[Opening Data under study section]

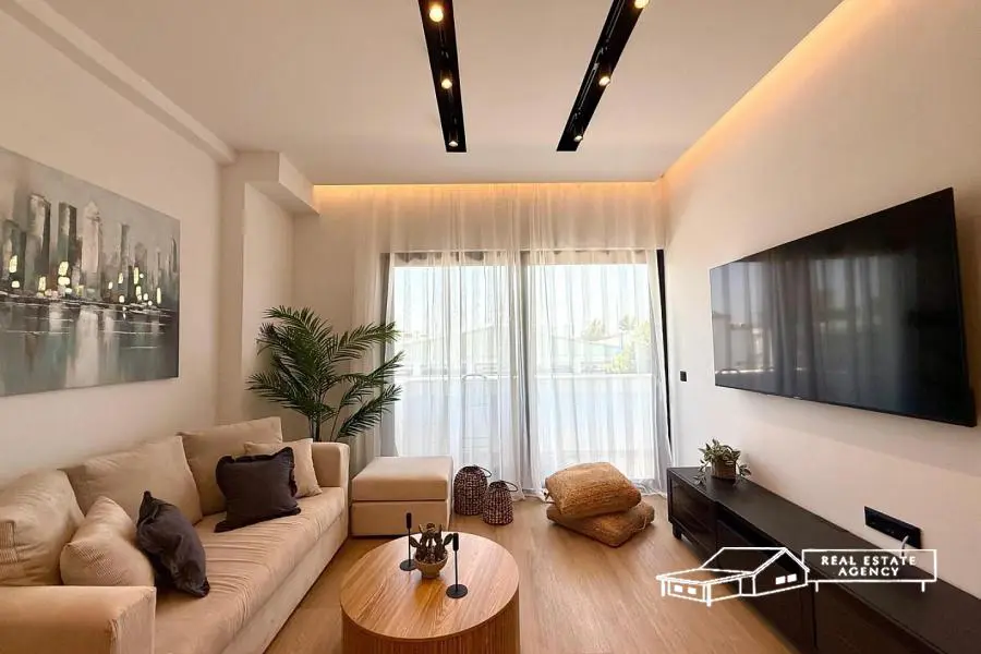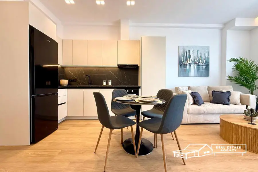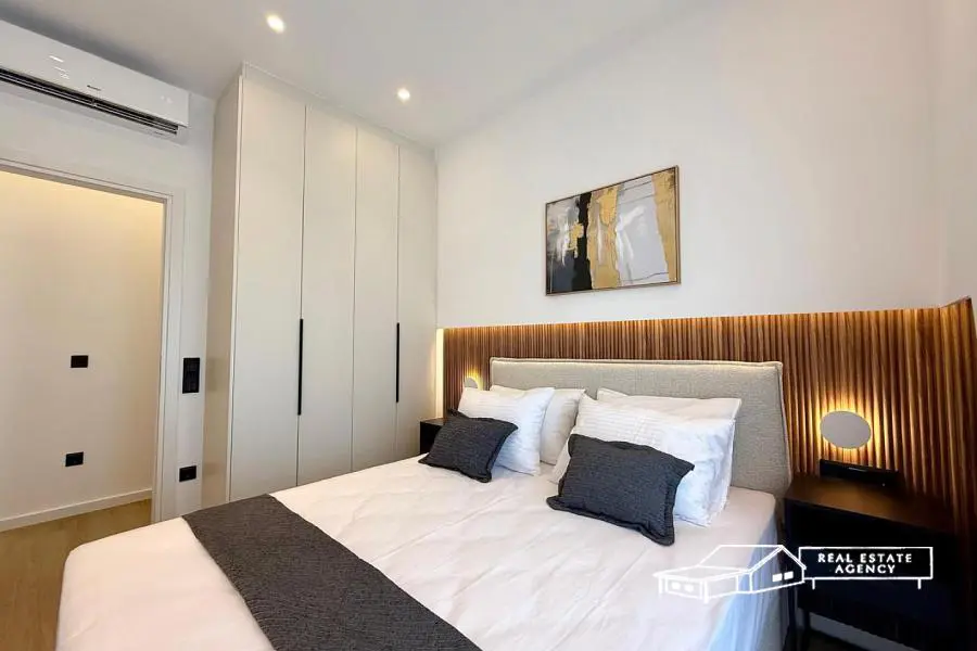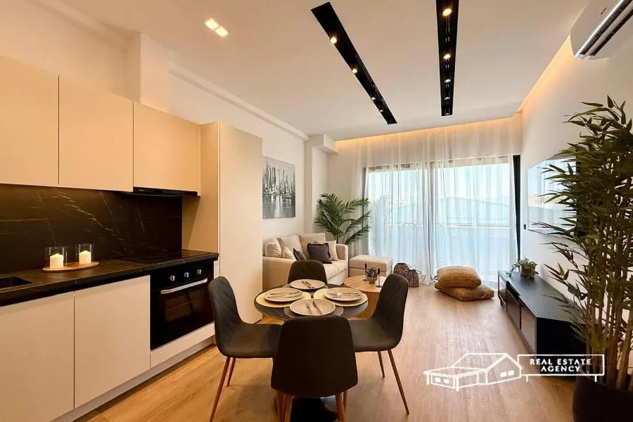 At Moschato, a sea-side suburb, stratigically located just minutes from key city locations, an excellent newly built apartment of 60sqm, on the 3rd floor, is available for sale with a 10 sqm balcony. It consists of a living room with open plan kitchen, 2 bedrooms and 2 bathrooms. It has autonomous heating, oak floors, armored door, aluminum frames with double glazing. It is located very close to the train station (5 min), while it is 4 minutes away from supermarkets, pharmacies and schools, as well as 10 min from Palaio Faliro, Athens center, Piraeus port and Stavros Niarchos Foundation. It is sold fully furnished and equipped and it is ready for delivery. Guaranteed rental income of 3%. Contact phone: +30 6932 746491, website: www.merryland.com.gr, Email: [email protected], Id: 15823
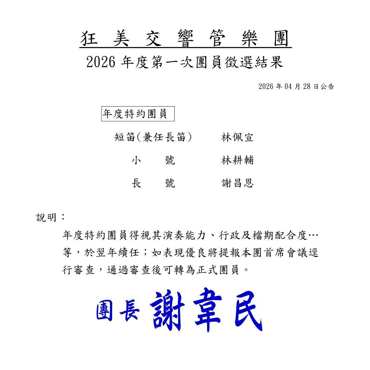 [公告] 狂美2026年度第一次團員徵選結果公告
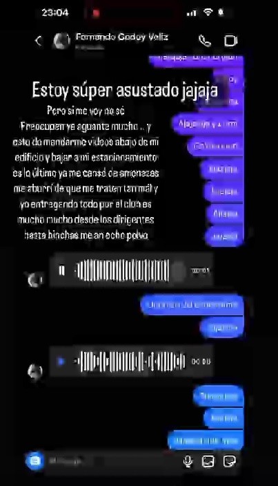Agregando ya más serio que “pero si me voy no sé preocupen, ya aguanté mucho.Y esto de mandarme videos abajo de mi edificio y bajar a mi estacionamiento es lo último. Ya me cansé de amenazas. Me aburrí de que me traten tan mal y yo entregando todo por el club.Es mucho desde los dirigentes hasta hinchas me han hecho polvo”.
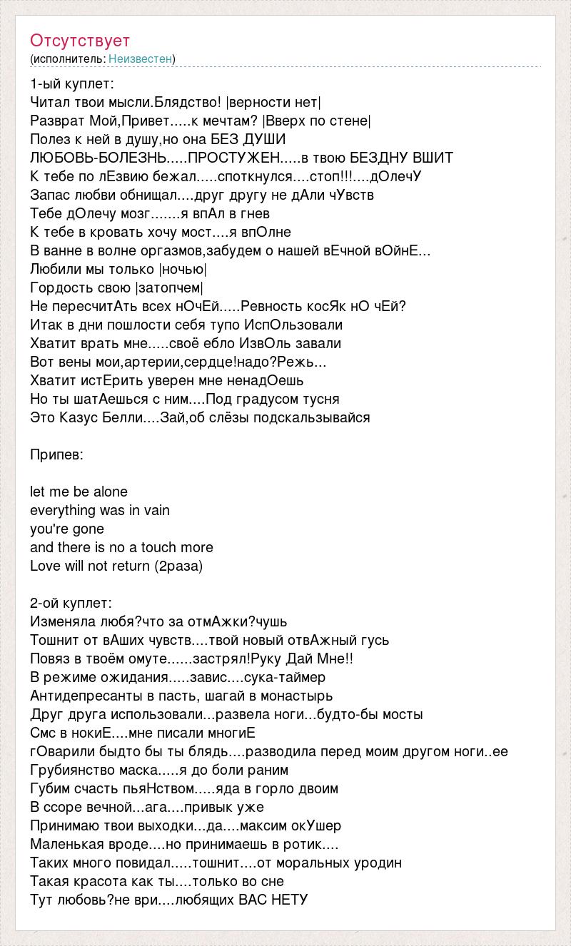 1-ый куплет: Читал твои мысли.Блядство! |верности нет| Разврат Мой,Привет.....к мечтам? |Вверх по стене| Полез к ней в душу,но она БЕЗ ДУШИ ЛЮБОВЬ-БОЛЕЗНЬ.....ПРОСТУЖЕН.....в твою БЕЗДНУ ВШИТ К тебе по лЕзвию бежал.....споткнулся....стоп!!!....дОлечУ Запас любви обнищал....друг другу не дАли чУвств Тебе дОлечу мозг.......я впАл в гнев К тебе в кровать хочу мост....я впОлне В ванне в волне оргазмов,забудем о нашей вЕчной вОйнЕ... Любили мы только |ночью| Гордость свою |затопчем| Не пересчитАть всех нОчЕй.....Ревность косЯк нО чЕй? Итак в дни пошлости себя тупо ИспОльзовали Хватит врать мне.....своё ебло ИзвОль завали Вот вены мои,артерии,сердце!надо?Режь... Хватит истЕрить уверен мне ненадОешь Но ты шатАешься с ним....Под градусом тусня Это Казус Белли....Зай,об слёзы подскальзывайся Припев: let me be alone everything was in vain you're gone and there is no a touch more Love will not return (2раза) 2-ой куплет: Изменяла любя?что за отмАжки?чушь Тошнит от вАших чувств....твой новый отвАжный гусь Повяз в твоём омуте......застрял!Руку Дай Мне!! В режиме ожидания.....завис....сука-таймер Антидепресанты в пасть, шагай в монастырь Друг друга использовали...развела ноги...будто-бы мосты Смс в нокиЕ....мне писали многиЕ гОварили быдто бы ты блядь....разводила перед моим другом ноги..ее Грубиянство маска.....я до боли раним Губим счасть пьяНством.....яда в горло двоим В ссоре вечной...ага....привык уже Принимаю твои выходки...да....максим окУшер Маленькая вроде....но принимаешь в ротик.... Таких много повидал.....тошнит....от моральных уродин Такая красота как ты....только во сне Тут любовь?не ври....любящих ВАС НЕТУ
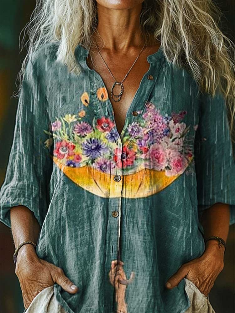 Women's Floral Pattern Art Print Cotton Linen Casual Shirt
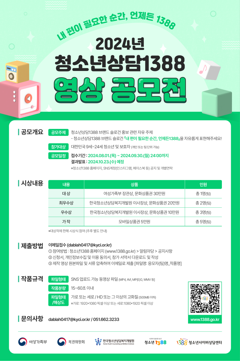 - 공모명: 2024년 청소년상담1388 영상 공모전
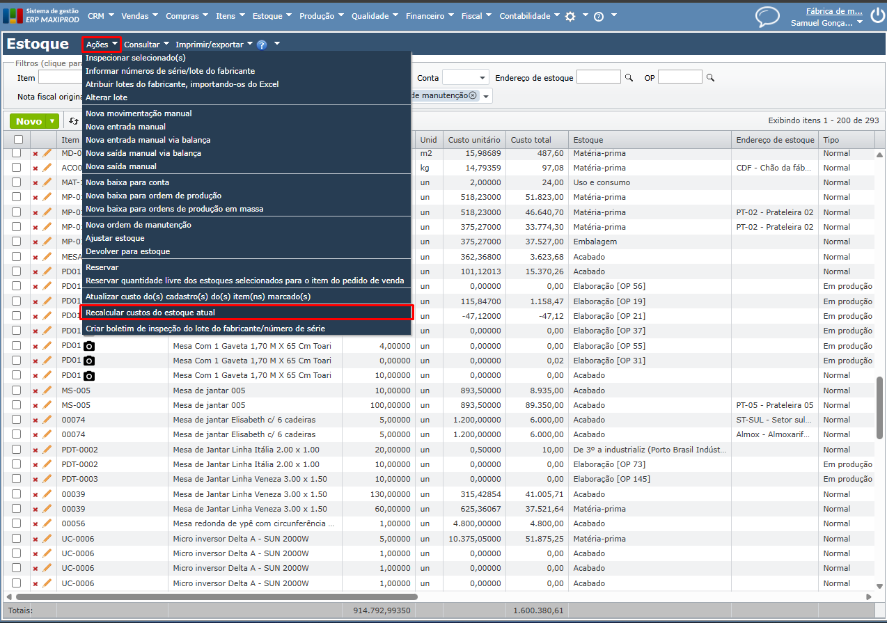 1) Na grade de estoque, acesse o submenu “Ações > Recalcular custos do estoque atual”.
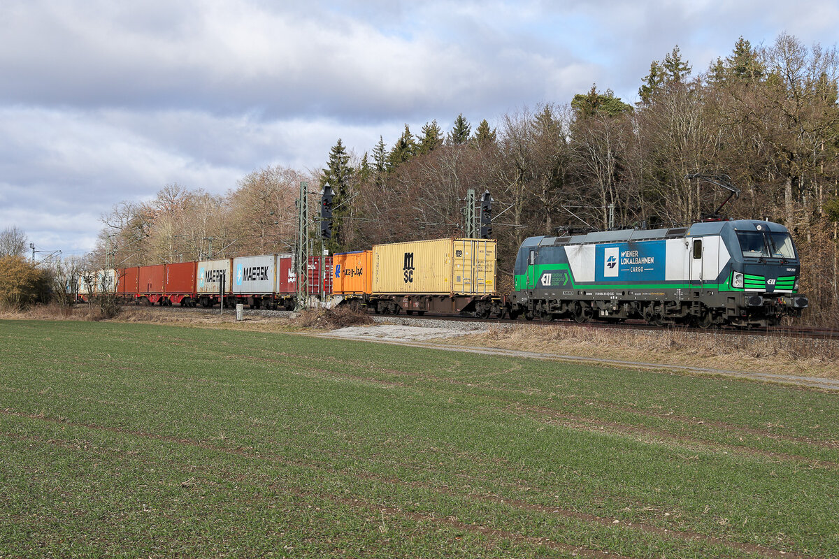 193 251 ELL/WLC mit einem Containerzug bei Eglharting am 13.02.2026.
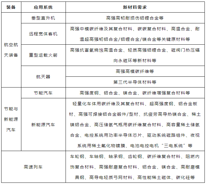 表1 運載工具領域新材料需求
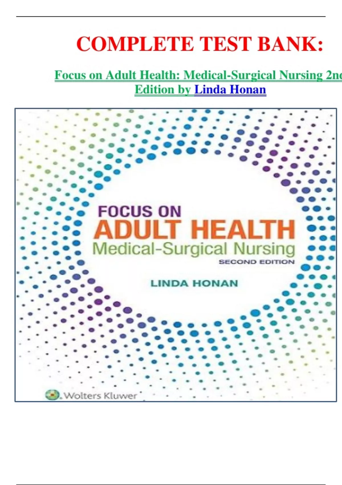 COMPLETE TEST BANK: Focus on Adult Health: Medical-Surgical Nursing 2nd Edition by Linda Honan Latest Update. Latest Update.
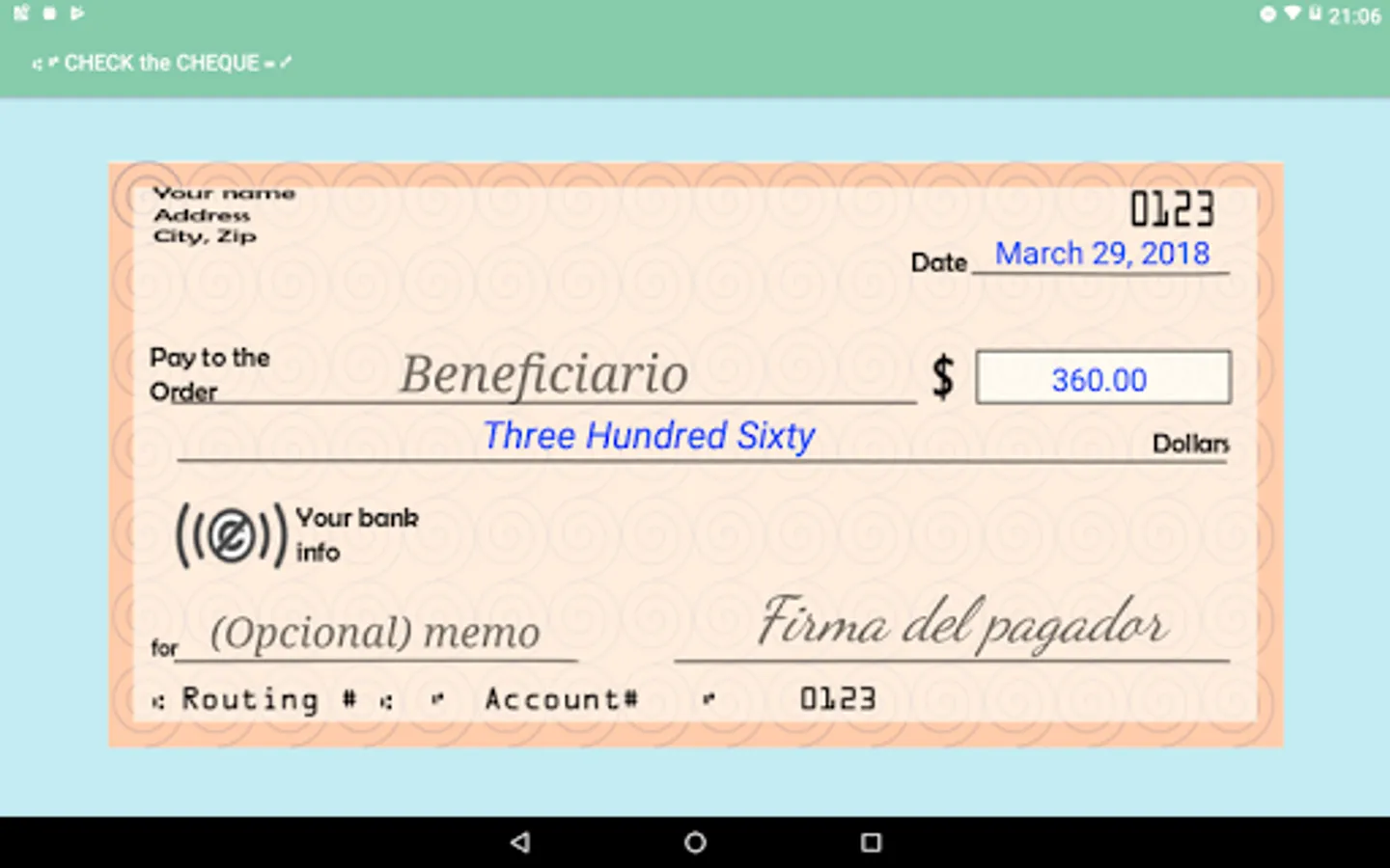 La "Línea Legal" está debajo del beneficiario, que traducirá el valor numérico en palabras. Entonces, si escribe 17, la aplicación lo traducirá a "Diecisiete" o 17000 a "Diecisiete mil" en Inglés ("Seventeen" y ""Seventeen Thousand").
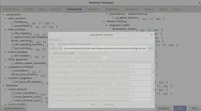 Starting moving the vehcile along the desired path. When vehicle arrives the destination, uncheck the box in front of the ‘waypoint_saver’. All waypoints will be saved as a CSV file in pre-defined path. Here is the waypoints we recored for the boxbot demo.
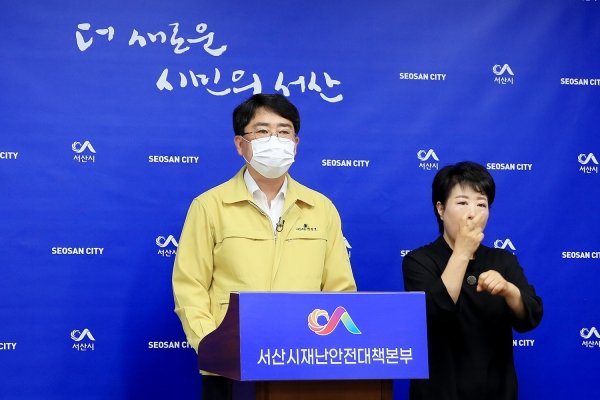[충청뉴스큐] “22일까지 관내 외국인 노동자를 고용하고 있는 사업주와 근로자에 대해 코로나19 검사를 전면 실시한다” 맹정호 서산시장이 20일 긴급 브리핑을 열고 시민들에게 당부했다.

[Closing Data under study section]

▸ **What is needed**: Repeat the listing word for word, and skip every picture it contains.

▸ **Written response**:
 At Moschato, a sea-side suburb, stratigically located just minutes from key city locations, an excellent newly built apartment of 60sqm, on the 3rd floor, is available for sale with a 10 sqm balcony. It consists of a living room with open plan kitchen, 2 bedrooms and 2 bathrooms. It has autonomous heating, oak floors, armored door, aluminum frames with double glazing. It is located very close to the train station (5 min), while it is 4 minutes away from supermarkets, pharmacies and schools, as well as 10 min from Palaio Faliro, Athens center, Piraeus port and Stavros Niarchos Foundation. It is sold fully furnished and equipped and it is ready for delivery. Guaranteed rental income of 3%. Contact phone: +30 6932 746491, website: www.merryland.com.gr, Email: [email protected], Id: 15823
 [公告] 狂美2026年度第一次團員徵選結果公告
Agregando ya más serio que “pero si me voy no sé preocupen, ya aguanté mucho.Y esto de mandarme videos abajo de mi edificio y bajar a mi estacionamiento es lo último. Ya me cansé de amenazas. Me aburrí de que me traten tan mal y yo entregando todo por el club.Es mucho desde los dirigentes hasta hinchas me han hecho polvo”.
 1-ый куплет: Читал твои мысли.Блядство! |верности нет| Разврат Мой,Привет.....к мечтам? |Вверх по стене| Полез к ней в душу,но она БЕЗ ДУШИ ЛЮБОВЬ-БОЛЕЗНЬ.....ПРОСТУЖЕН.....в твою БЕЗДНУ ВШИТ К тебе по лЕзвию бежал.....споткнулся....стоп!!!....дОлечУ Запас любви обнищал....друг другу не дАли чУвств Тебе дОлечу мозг.......я впАл в гнев К тебе в кровать хочу мост....я впОлне В ванне в волне оргазмов,забудем о нашей вЕчной вОйнЕ... Любили мы только |ночью| Гордость свою |затопчем| Не пересчитАть всех нОчЕй.....Ревность косЯк нО чЕй? Итак в дни пошлости себя тупо ИспОльзовали Хватит врать мне.....своё ебло ИзвОль завали Вот вены мои,артерии,сердце!надо?Режь... Хватит истЕрить уверен мне ненадОешь Но ты шатАешься с ним....Под градусом тусня Это Казус Белли....Зай,об слёзы подскальзывайся Припев: let me be alone everything was in vain you're gone and there is no a touch more Love will not return (2раза) 2-ой куплет: Изменяла любя?что за отмАжки?чушь Тошнит от вАших чувств....твой новый отвАжный гусь Повяз в твоём омуте......застрял!Руку Дай Мне!! В режиме ожидания.....завис....сука-таймер Антидепресанты в пасть, шагай в монастырь Друг друга использовали...развела ноги...будто-бы мосты Смс в нокиЕ....мне писали многиЕ гОварили быдто бы ты блядь....разводила перед моим другом ноги..ее Грубиянство маска.....я до боли раним Губим счасть пьяНством.....яда в горло двоим В ссоре вечной...ага....привык уже Принимаю твои выходки...да....максим окУшер Маленькая вроде....но принимаешь в ротик.... Таких много повидал.....тошнит....от моральных уродин Такая красота как ты....только во сне Тут любовь?не ври....любящих ВАС НЕТУ
 Women's Floral Pattern Art Print Cotton Linen Casual Shirt
 - 공모명: 2024년 청소년상담1388 영상 공모전
 1) Na grade de estoque, acesse o submenu “Ações > Recalcular custos do estoque atual”.
 193 251 ELL/WLC mit einem Containerzug bei Eglharting am 13.02.2026.
 表1 運載工具領域新材料需求
 COMPLETE TEST BANK: Focus on Adult Health: Medical-Surgical Nursing 2nd Edition by Linda Honan Latest Update. Latest Update.
 La "Línea Legal" está debajo del beneficiario, que traducirá el valor numérico en palabras. Entonces, si escribe 17, la aplicación lo traducirá a "Diecisiete" o 17000 a "Diecisiete mil" en Inglés ("Seventeen" y ""Seventeen Thousand").
 Starting moving the vehcile along the desired path. When vehicle arrives the destination, uncheck the box in front of the ‘waypoint_saver’. All waypoints will be saved as a CSV file in pre-defined path. Here is the waypoints we recored for the boxbot demo.
[충청뉴스큐] “22일까지 관내 외국인 노동자를 고용하고 있는 사업주와 근로자에 대해 코로나19 검사를 전면 실시한다” 맹정호 서산시장이 20일 긴급 브리핑을 열고 시민들에게 당부했다.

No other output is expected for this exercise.